Bella: mały piesek, który ugryzł ją w nogę, by uwolnić się z miejsca, w którym ją związali

Spisie treści:

Anonim

Historia Belli jest bardzo bolesna. Musiała gryźć nogę, aż została amputowana, aby uwolnić się z miejsca, w którym zostawili ją związaną i bez jedzenia.

Jakieś bezduszne istoty zostawiły ją związaną na tarasie domu z kablami. Zaplątała się i musiała tak działać, aby się uwolnić i uratować życie. Co za wytrwałość tego psa!

Bella, pies, który uratował jej życie

Porzucenie i życie na ulicy przyniosło nam bardzo mocne historie o tym, jak szczenięta, które żyją w ten sposób, dają sobie radę. Tym razem opowiemy Wam o Belli, psie, którego życie naznaczone jest bólem i obojętnością człowieka.

Zgodnie z komentarzem Best Friend Animal Society, właścicielka psa zostawiła ją samą, bez jedzenia, bez wody i przywiązaną na podwórku swojego domu, położonego w Saginaw, Michigan, Stany Zjednoczone. Każdy dzień w takiej sytuacji był dla niej nieszczęściem.
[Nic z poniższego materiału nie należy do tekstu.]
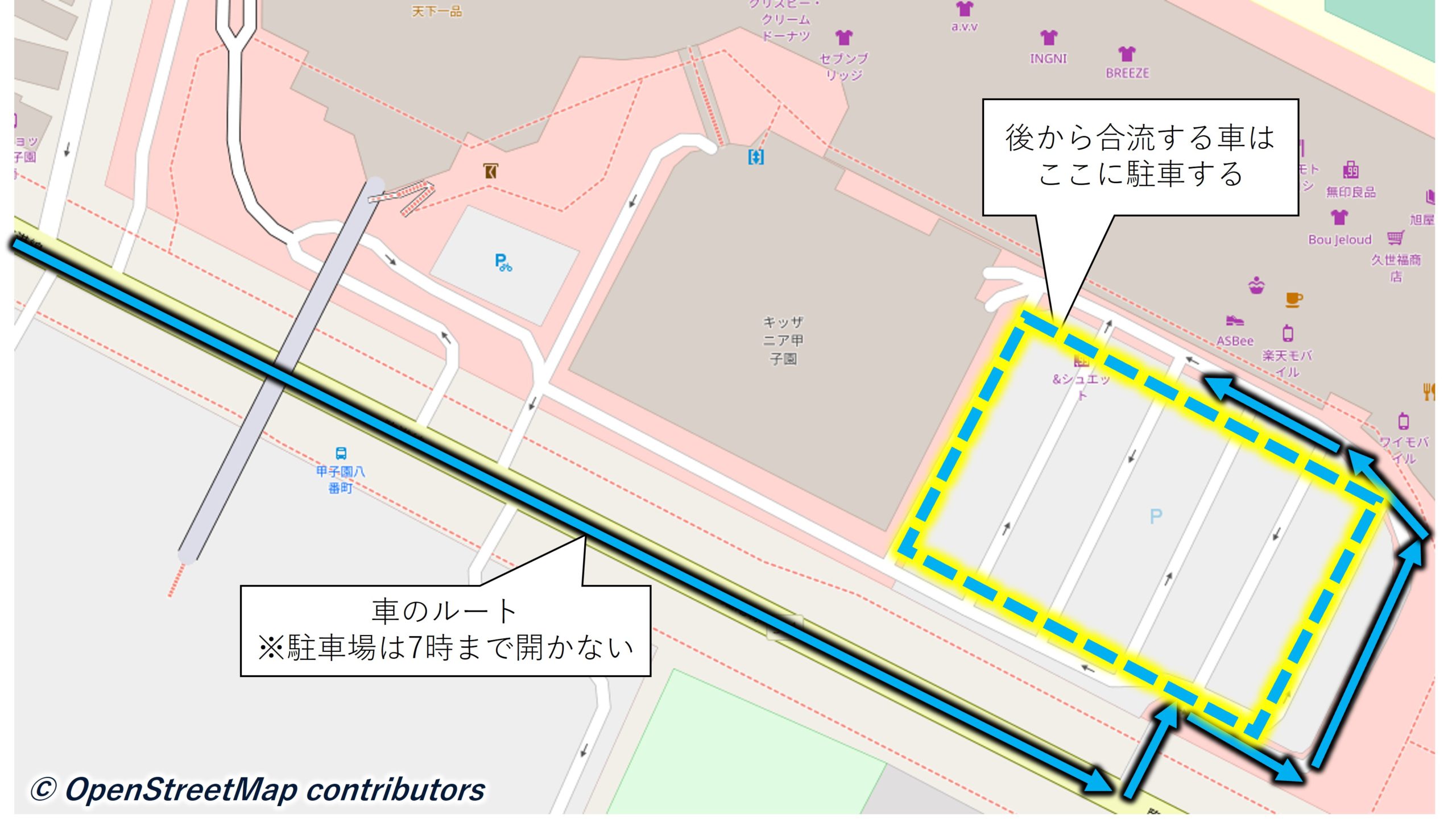 なお、駐車場の場所は以下の通りで、待機列の場所からかなり近いです。

W obliczu tej sytuacji i widząc, że jej bliscy nie wracają i spędzają godziny bez możliwości jedzenia czy czegokolwiek, podjęła niewiarygodną i bolesną decyzję.

Co się stało z łapą psa?

Okazuje się, że Bella, zmęczona czekaniem, ugryzła jedną ze swoich tylnych łap, aż ją amputowała, bo była do niej przywiązana. Została uratowana dzięki temu, że niektórzy usłyszeli jej krzyki bólu. Zbliżając się, zobaczyli głośną i smutną scenę.
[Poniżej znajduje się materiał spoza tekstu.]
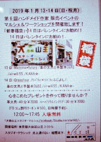2019年1月13日日曜日、14日祝月曜日 第6回大森山王スタジオ・マルシェ開催。ハンドメイド作家さんの出展販売&ワークショップです。 今回は革製品の教室とハーバリウム教室があります。〈入場無料〉 12:00~17:45 お教室は約40分 ¥3000 FB「大森山王スタジオ・マルシェ」サイト内のご予約ツールがあります。サイト内に当日割引きあ¥500ご利用頂けます。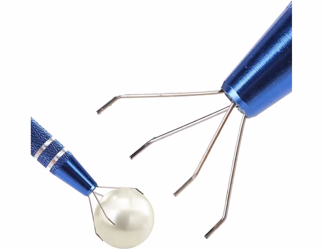 Du köper ett verktyg som används för att greppa tag om små föremål, exempelvis små klockdelar, diamanter, smycken, skruvar, med mera. Verktyget, som också kan kallas för diamanthållare, plockningsverktyg och pincett, har fyra klor som kommer fram när man trycker på den svarta knappen längst back på verktyget. Dessa klor är designade att kunna greppa tag om olika föremål, oavsett skepnad (runda, rektangulära, oregelbundna). Notera att andra föremål på bilderna är endast för visningssyfte och ingår inte i köpet.

„Wejście na podwórko i zobaczenie Belli tak zrozpaczonej tego dnia było niewyobrażalnie bolesne” – powiedziała Desiree, oficer ds. opieki nad zwierzętami hrabstwa Saginaw.
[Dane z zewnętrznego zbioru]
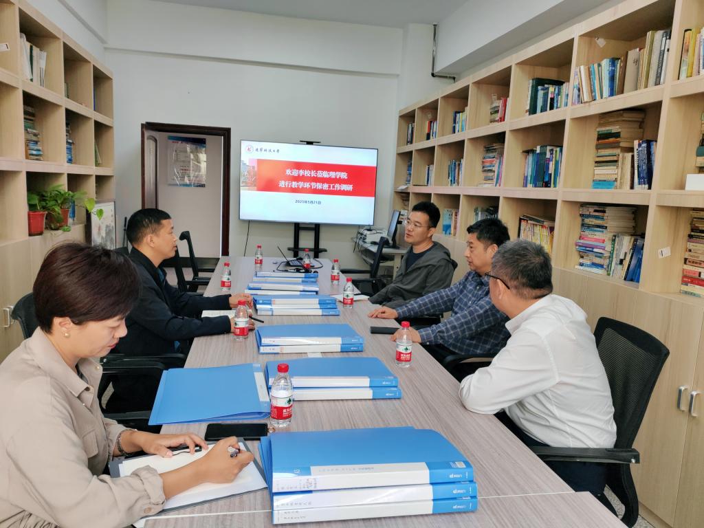 5月21日,J9平台党委常委、副校长李胜利一行前往学校印刷厂、理学院、工商管理学院、土木工程学院和外国语学院,就考试环节保密工作进行调研,并召开座谈会。教务处和保密办相关人员陪同调研。

Fundacja, która ją uratowała, zwróciła uwagę, że pomimo stanu zdrowia i głodu nigdy nie była wobec nich agresywna. Wręcz przeciwnie, poruszała ogonem i była czuła. Wkrótce potem odnaleziono właściciela hodowli i postawiono zarzuty porzucenia i zaniedbania.

Bez nogi, ale wolna i szczęśliwa, tak żyje Bella

Po uratowaniu Bella zaczęła nowe życie. Był bezpieczny, chociaż teraz powinien zacząć kroczyć przez życie tylko na trzech nogach.

Najpierw kierował Centrum Opieki i Kontroli Hrabstwa Saginaw, a następnie Najlepszymi Przyjaciółmi. Tam dali jej miłość, jedzenie, opiekę weterynaryjną, a nawet rodzinę, bo kiedy była gotowa, została adoptowana.

Jej rodzina skomentowała, że „zabraliśmy ją, aby została z nami w domkach na terenie sanktuarium przez tydzień. Jest taka energiczna i ma taką żywiołową osobowość. Pokochaliśmy ją jeszcze bardziej.”